Splay 的简介和相关题目
jiazhaopeng · · 个人记录
Splay 的错误记录和模板
https://shiroi-he.gitee.io/blog/2020/01/03/Splay%E5%AD%A6%E4%B9%A0%E7%AC%94%E8%AE%B0/
叶笑天的模板
lhm_ 的模板
一种常用的平衡树,也是LCT的必备工具
很久以前就学了平衡树(treap),后来不常用,给忘了。后来听学长说Splay更有用,然后学了Splay,然后除了LCT用了一下,也没怎么用,也忘了。于是现在我把Splay捡一捡。
该拔的毒瘤终将要拔!
警告:
1.准备好各种调题工具和方法
2.为保证正确性,该有的特判一定要有.
3.不要忘记pushup和pushdown
4.细心细心再细心!
此外,还有:
以下两点至少要保证一点:
1.不用0号节点来更改其他节点信息
2.不让0号节点的信息被更改
知识精要
Splay本质是一棵二叉搜索树,其性质是某关键字的中序序列是单调递增的,每个节点的关键字权值应该大于其左子树节点,小于其右子树节点。
Splay 的使用
Splay 的常见应用为:维护一个集合(不常用,通常可以用set配合权值树状数组来代替),维护一个序列(常用,支持插入删除,区间翻转,区间加, 区间推平等等),以及维护一条链(详见LCT)。
Splay 通常有两种用法:
-
节点编号无意义,二叉树的中序序列以节点权值为关键字排序。

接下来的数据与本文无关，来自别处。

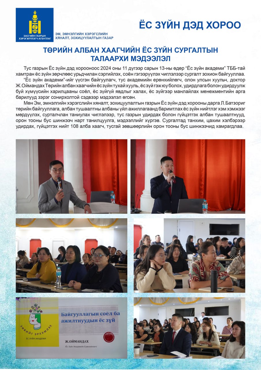 Хариуцах албан хаагч: Бичиг хэргийн мэргэжилтэн О.Хулан Утас: 99 95 7830 ...
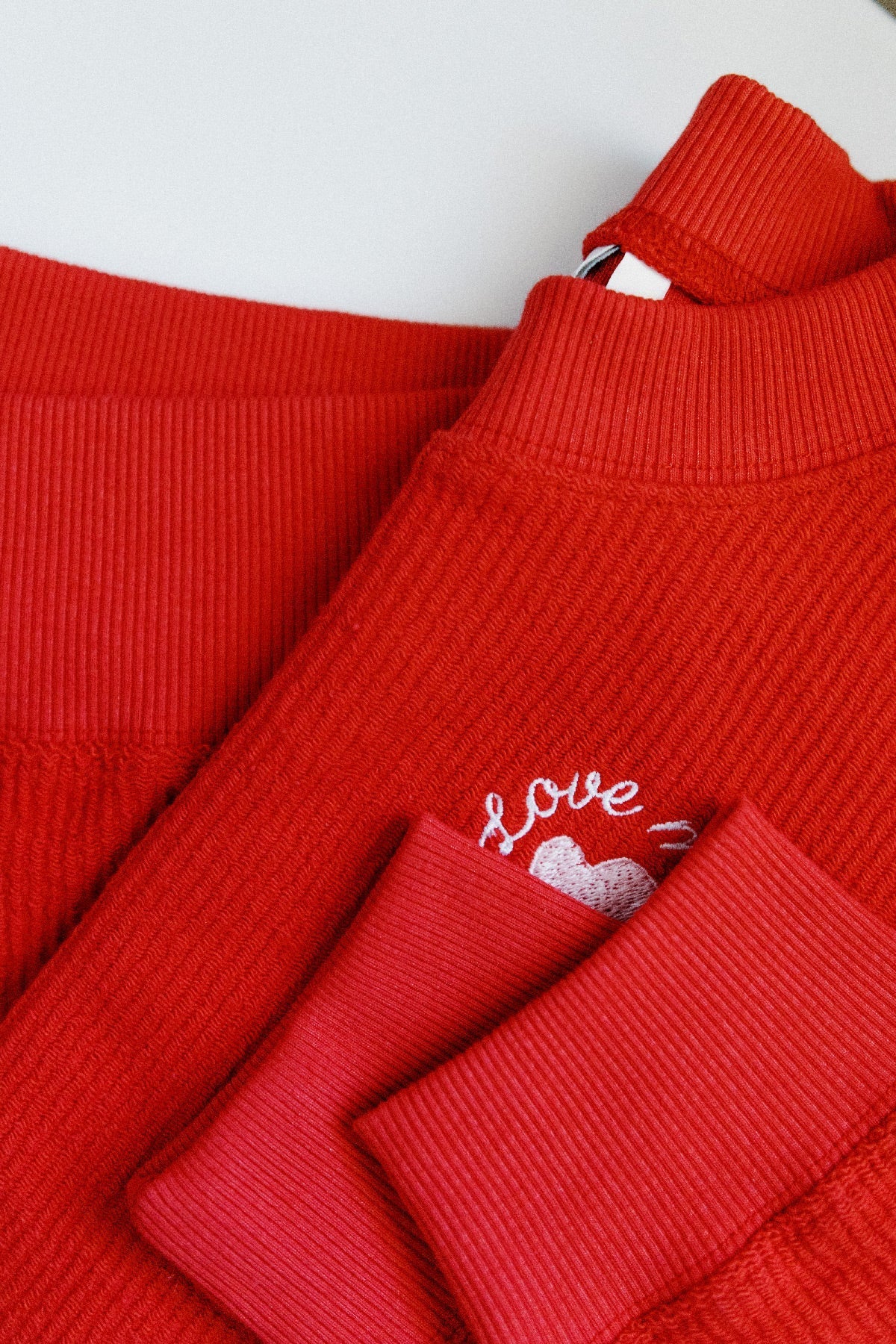 Love More Embroidered Ribbed Sweatshirt

一般用于维护集合
-
节点编号无意义,二叉树的中序序序列以节点在序列中的位置为关键字排序。一般用于维护序列。
-
节点编号为给定编号,二叉树的中序序列以给定编号所代表的东西的位置(如深度) 为关键字排序。一般用于 Splay 的灵活考察题,以及LCT(还没有学,学完后再回来改)
主要函数:
-
bool get_which(int cur):询问cur是其父亲的左儿子(0)还是右儿子(1) -
void pushup(int cur):依据题意维护cur节点的信息(如siz等) -
void pushdown(int cur):依据题意下传cur节点信息(如laz标记等) -
void rotate(int cur):将cur左旋或右旋(lhm_博客的图) -
void splay(int cur, int goal):将cur节点一直向上旋转,直到cur成为goal的儿子为止
其它常用函数如下:
-
void reverse(int l, int r)将[l, r]区间反转 -
void split(int l, int r)将序列的第l~r提取到son[son[rt][1]][0]所代表子树内 -
void Cut(int cur)将cur 与其父亲关系断开 -
void Swap(int x, int y)交换x 和y 节点的信息(通常比较麻烦) -
int find(int k)查询(中序序列中)第k 大的节点编号 -
int get_pre(int cur)/int get_nxt(int cur)查询cur 节点的前驱后继 -
int build(int L, int R, int faa)将某数组中的第L 个到第R 个数作为中序序列中的连续的一部分,建成一个小树,认定父亲为faa ,且返回小树的根。 -
void del(int cur)将cur 及其子树删去 -
int get_new()新建一个节点(通常用于回收废点
其余函数要依据题意来写。
技能展示
例题Ⅰ:P3369 【模板】普通平衡树
以值为关键字,维护一个 集合。
当需要支持查排名和查第k大的时候,就不得不使用Splay,否则可以用 set 代替(常数也会小一些)
特殊的函数:
void find(int x):找到x节点(如果没有,则找到其相邻点(前驱/后继)),并将其旋转至根
Code:
int n;
int rt, tot;
int son[N][2], fa[N], siz[N], cnt[N], val[N];
inline void pushup(int cur) {
siz[cur] = cnt[cur];
if (son[cur][0]) siz[cur] += siz[son[cur][0]];
if (son[cur][1]) siz[cur] += siz[son[cur][1]];
}
inline bool get_which(int cur) {
return son[fa[cur]][1] == cur;
}
inline void rotate(int cur) {
int faa = fa[cur], fafa = fa[faa];
int flag = get_which(cur);
if (fafa) son[fafa][get_which(faa)] = cur; fa[cur] = fafa;
son[faa][flag] = son[cur][flag ^ 1]; if (son[cur][flag ^ 1]) fa[son[cur][flag ^ 1]] = faa;
son[cur][flag ^ 1] = faa; fa[faa] = cur;
pushup(faa);
}
inline void splay(int cur, int goal) {
for (register int faa = fa[cur]; faa != goal; rotate(cur), faa = fa[cur])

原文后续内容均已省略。